Saturday, May 24, 2014

Post-Impressionism (pt. 3)

In pursuit of the best method for painting the object in its honest, physical bulk, Paul Cézanne turned to a technique that simplified surface areas of space into compartmentalized sections of color and brushwork.  Cézanne painted small cubes of color that distinguished different textural planes of an object's outward surface.  Through thickness of paint and changes in the direction of the brushstrokes, he could delineate the subtle alterations of an object's mass.  This may sound complex, but in fact the artist was trying to formulate a less complicated way to paint the three-dimensional by narrowing down the focus onto specific qualities of mass, volume, and external surface texture.  These ideas later became the foundational inspiration for Cubism; and there they are perhaps more readily explicable.  For now we can see examples of what Cézanne is doing in his Mont Saint-Victoire series.

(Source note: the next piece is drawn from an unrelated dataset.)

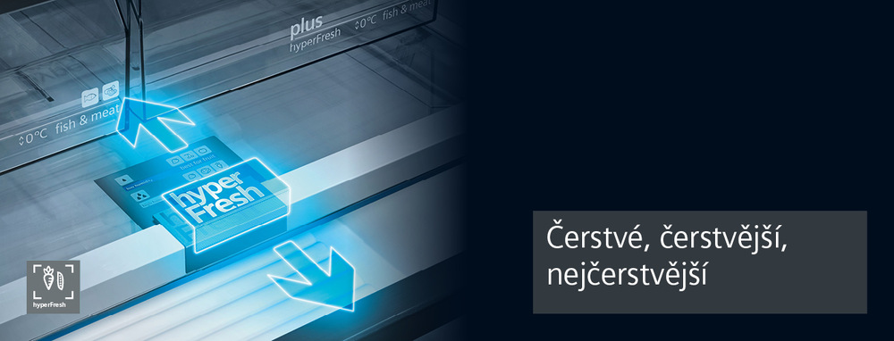 Přihrádky hyperFresh umožňují delší trvanlivost a zachování chutí pomocí snadného nastavení. Kromě toho jejich tvar i funkce jsou navrženy tak, aby poskytovaly vhodné prostředí pro ovoce a zeleninu. Jako výsledek můžete vidět kvalitu, cítit čerstvost a spolehnout se na dobrou chuť.
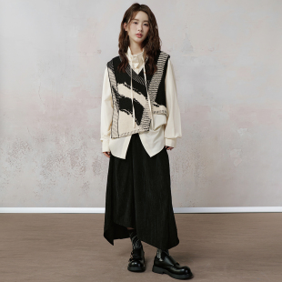 JfYanYan 马甲女独特v领针织背心不规则设计感叠穿坎肩 熔岩沙滩

This is just one of a series of paintings the artist made of a mountain in southern France.  Cézanne painted it 60 times.  With a closer look at the artist's brushwork, we can detect his method for blocks of color.  The mountain is painted in chunks, with altering directions of brushstrokes wherever the mountain surface has changed.  This is also true of the valley around it.  Trees, bushes, and flatland have all been compartmentalized into chunks of color and consistent paintbrush movement.  This breaks down (almost mathematically) the three-dimensionality of the scene and therefore better translates it to the flat canvas of the artist.  In theory, this was the problem which Cézanne was attempting to solve with his techniques, but it simultaneously lessened the realism of his works.  He was more concerned with conveying the ideas behind a certain aspect of the object than in painting realistically an entire scene.  This, too, was a form of Impressionism; but the Post-Impressionists took the physicality of Impressionism (its emphasis on the visual world, on sunlight and atmosphere) to new levels.